Saudaraku seiman. Memang ada banyak perbaikan yang di sana sini dalam kondisi umat ini. Kondisi negara ini makin menyedihkan. Kriminaliasi para ulama, sang tersangka dilindungi mati-matian, dan adu domba antar umat pun dimunculkan. Lantas masihkah kita menyibukkan diri dengan perbedaan pendapat yang para ulama pun setuju untuk berbeda?
Apakah prinsip dakwah itu selalu “bid’ah itu sesat, dan sesat itu di neraka”. Apakah solusi yang engkau berikan hanya bersabar dan berdoa dalam kezaliman? Apakah solusi yang engkau berikan yang penting keluargaku aman dan aku berlndung saja di masjid?
Saudaraku seiman, Sungguh umat islam adalah puzzle. Kita hidup untuk saling melengkapi. Saling merangkul bukan memukul. Masuk surga bersama, bukan hanya satu golongan dakwah saja.
Puzzle mana yang hendak engkau isi? Puzzle sebagai garda terdepan layaknya FPI yang dianggap sebagai provokator? Layaknya bercocok tanam, mereka berani mengambil kontribusi sebagai pemusnah hama di saat orang lain lebih memilih sebagai menanam benih? Atau hendak menjadi puzzle di parlemen untuk memperjuangkan hak-hak umat islam bahkan kebaikan universal di saat para pengkhianat negeri ini memperjuangkan komunis dan liberalisme? Atau engkau hanya menjadi penonton dari puzzle yang menyatu ini. Atau engkau hanya ingin membentuk puzzle dari golongan yang sependapat saja? Begitukah?
Bukan hanya tentang kita yang baru saja hijrah. Bagi kita yang sudah lama hijrah ataupun masih menunggu waktu yang pas untuk hijrah, jangan malah memusuhi mereka yang baru saja hijrah. Ada proses dan progress. Ada preman yang baru tobat lantas dicap dosa besar ketika bacaan Quran masih keliru. Ada perempuan yang baru belajar menutup aurat, lantas dibilang telanjang ketika dia masih memakai jilbab dan celana. Janganlah seperti itu. Hargai mereka, rangkul mereka. Karena kita pun pernah berada di posisi itu.

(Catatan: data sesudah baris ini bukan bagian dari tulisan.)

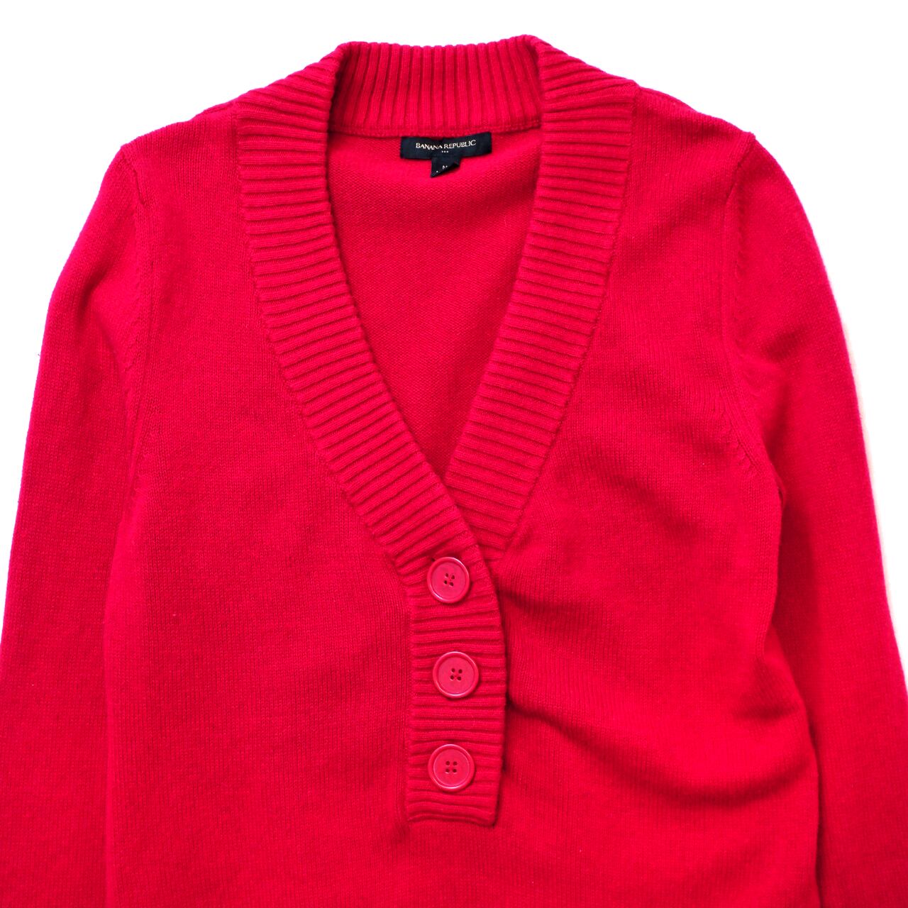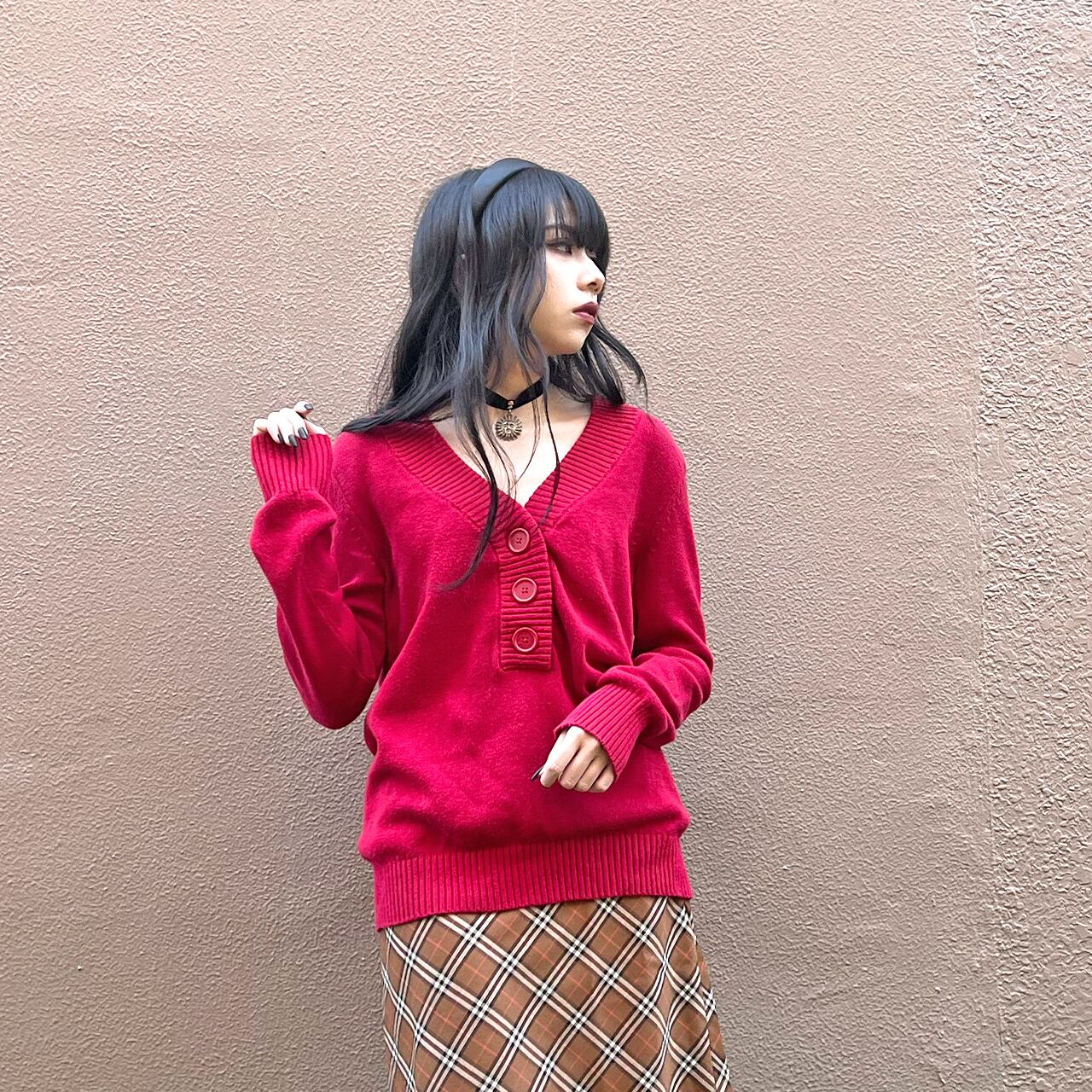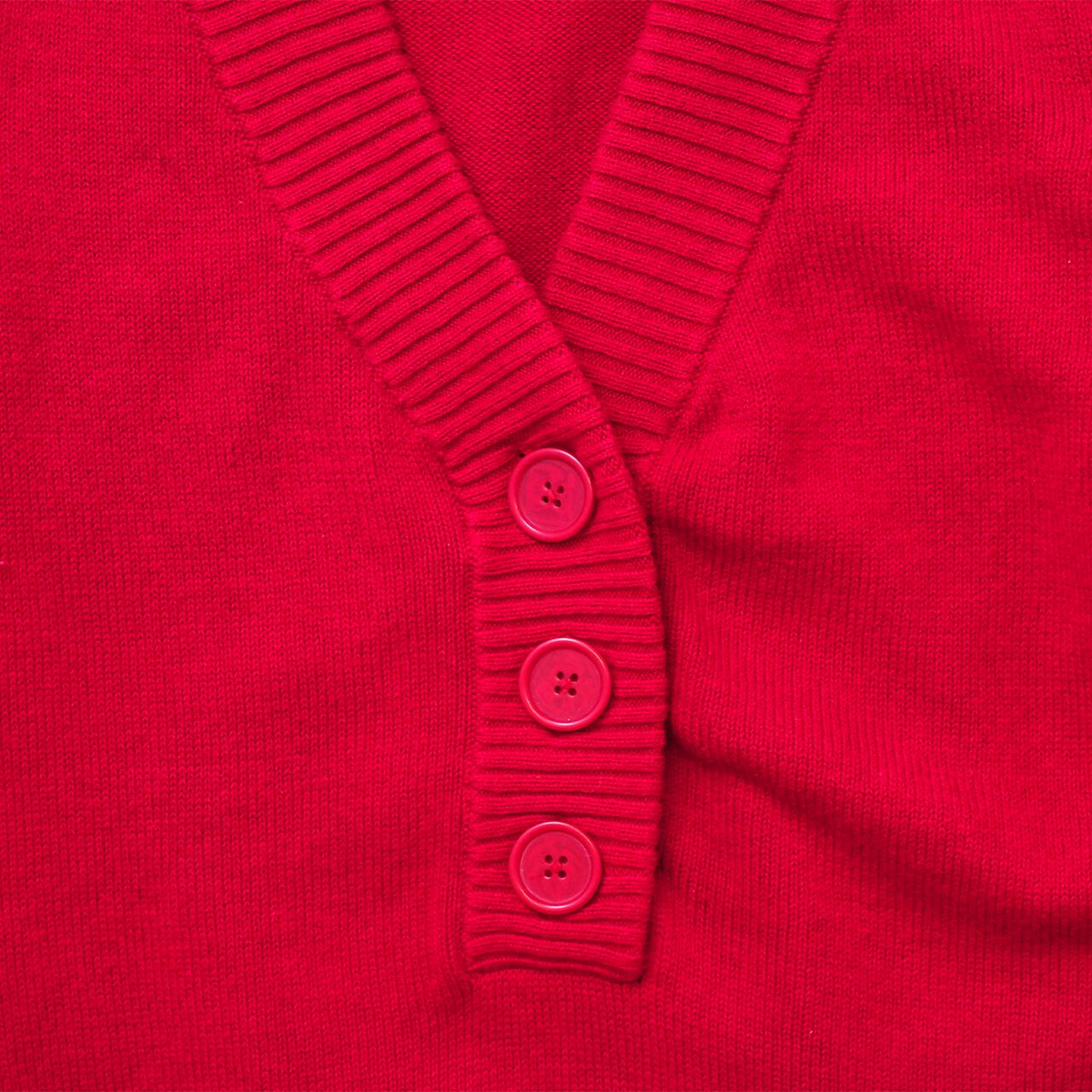 おおきな3つボタンがなんともかわいい赤ニット。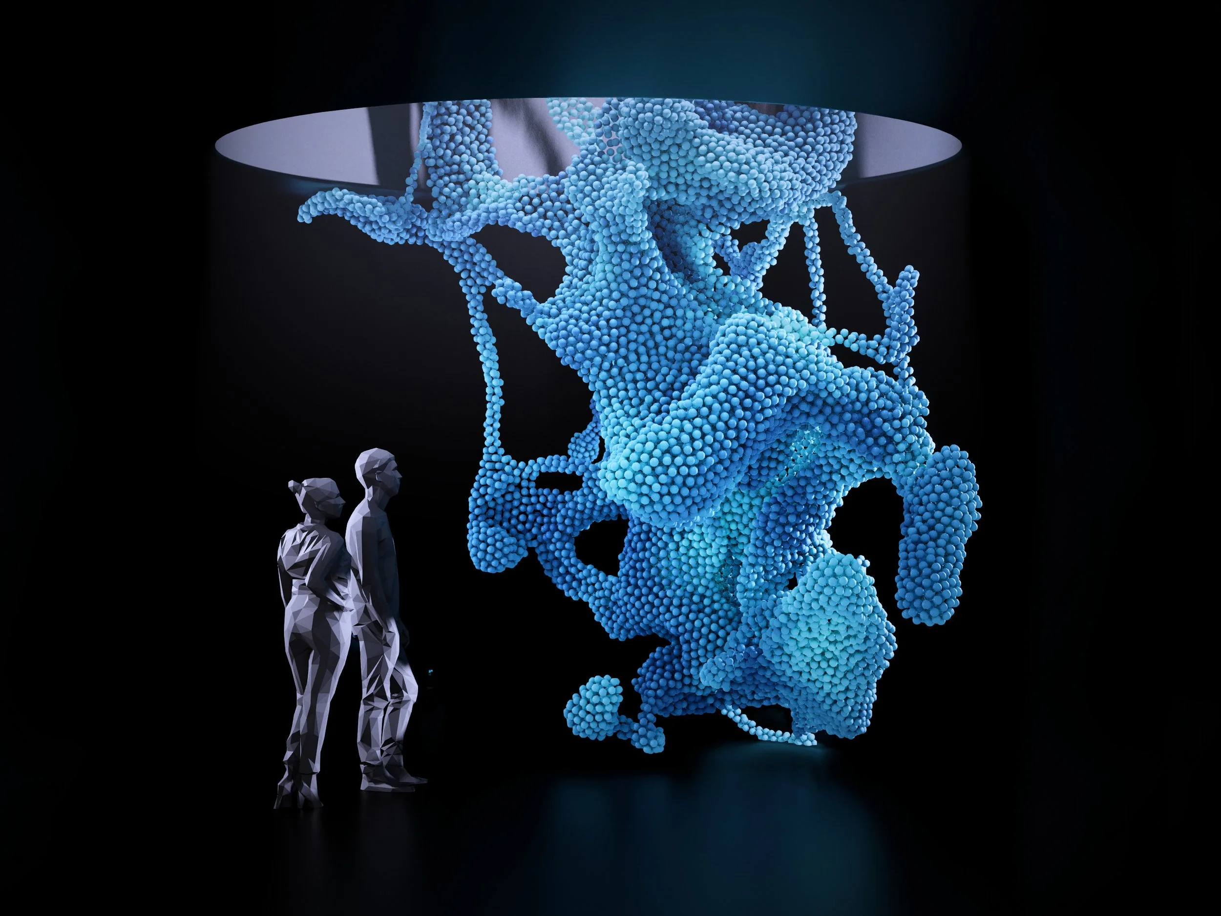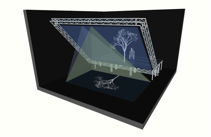 Third dimension is sound. Created by humans, AI or plants, as a threediemensional soundscape interconnected with 3D projections.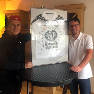Am gestrigen Sonntag wurde Andreas Strehle 50 Jahre jung. Die erste Mannschaft des SC Geislingen 1900 wartete mit einem Geschenk für ihn auf: Der Kapitän des Landesligisten, Pascal Volk, überreichte dem ‚Evergreen Andi‘ ein gerahmtes Trikot mit den Unterschriften der Kadermitglieder.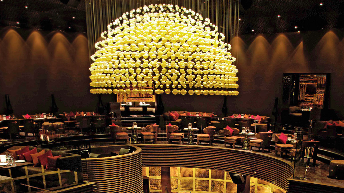 Das Q’bara macht aus einer auserlesenen Mahlzeit eine Unterhaltung. Das majestätische Restaurant mit arabeskem Dekor in Wafi-City interpretiert traditionelle nahöstliche Speisen kreativ. Diese Kreativität zeigt sich auch im Namen Q’bara, der rückwärts gelesen phonetisch das Wort «Arabic» wiedergibt. Eine faszinierende Lichtshow wird auf eine Wand mit Holzschnitzereien projiziert. Beginnen Sie mit Margaritas aus eingemachter Zitrone und teilen Sie sich dann Hummer-Kibbeh mit Avocado-Labneh-Dip und Hähnchen-Musakhan auf Fladenbrot mit Butter. Und zum Dessert eine Kombination aus Baumnuss-Baklava, dunkler Schokolade und Kamel-Milch-Glacé.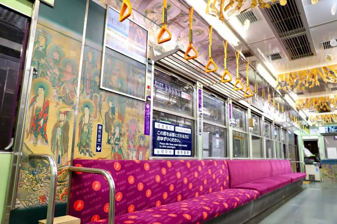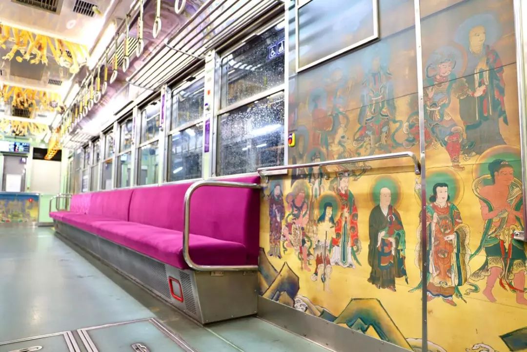 车身、车头⋯⋯紫色外观外还都画满观音菩萨画像,这班列车从车站开出来,感觉会一路都不断发光呀!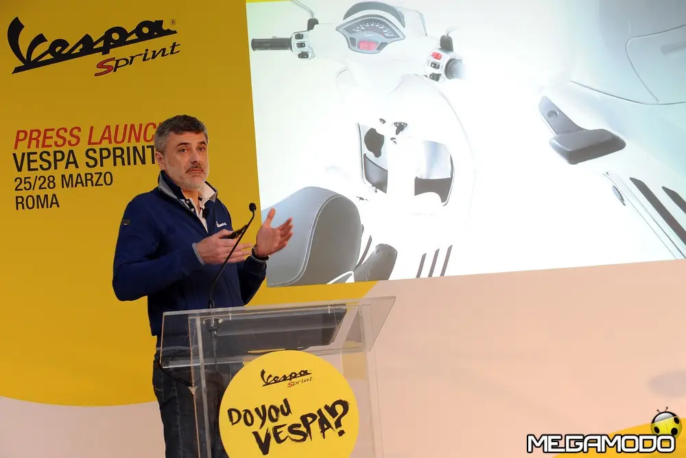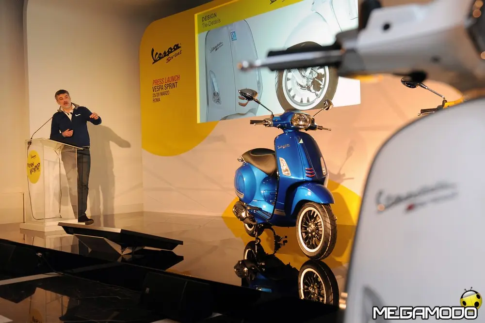 Come si fa a rendere sempre attuale un oggetto con così tanta storia alle spalle? Ce lo spiega Marco Canepa del Centro Stile Gruppo Piaggio: “Vespa Sprint affonda le proprie radici nel passato, riprende le forme della 946, la cura del dettaglio, la raffinatezza. E’ nata una Vespa sportiva e dinamica adatta alla città, una vera Vespa. E’ una vera Vespa perché c’è la tipica forma ad omega nella parte centrale, le fiancate discendenti e la coda a punta, ma ciò che salta all’occhio è la dimensione delle ruote. Una 12” anteriore e posteriore, ruote grandi mai montate su un body piccolo. Le tappe posteriori disegnano luci ed ombre. Non ci siamo limitati a disegnare la carrozzeria, ma siamo intervenuti anche su aspetti tecnici come la marmitta che è una reinterpretazione di quella a siluro. Vespa non è solo carrozzeria, forma e metallo, ma è anche dettagli: il faro torna ad essere trapezoidale, come era la Sprint degli anni’70 o la 50 Special. Il quadro di bordo si ispira alle Vespa del passato ma con una tecnologia moderna con un tachimetro analogico ed un display digitale dove sono racchiuse tutte le funzioni.

Mendahulukan ukhwah dalam dakwah. Wahai saudaraku seiman, sadarilah siapa musuh kita sebenarnya. Lantas masih sibuk membid’ahkan?
Tulisan ini adalah curahan hati tentang kondisi terkini umat dan negeri ini. Jika engkau setuju, silakan berbagi. Jika tidak, maaf saya sudah selesai. Saya tak ingin lagi memperpanjang masalah cabang dalam agama ini. Saya hanya hamba bodoh yang terlihat pintar beretorika. Hanya pendosa yang tertutup aibnya. Tapi saya berharap, semoga Allah meridhoi setiap apa yang saya lakukan. Dan juga pastinya, terhadap engkau dan kita perjuangkan untuk bangsa dan agama ini. Aamiin.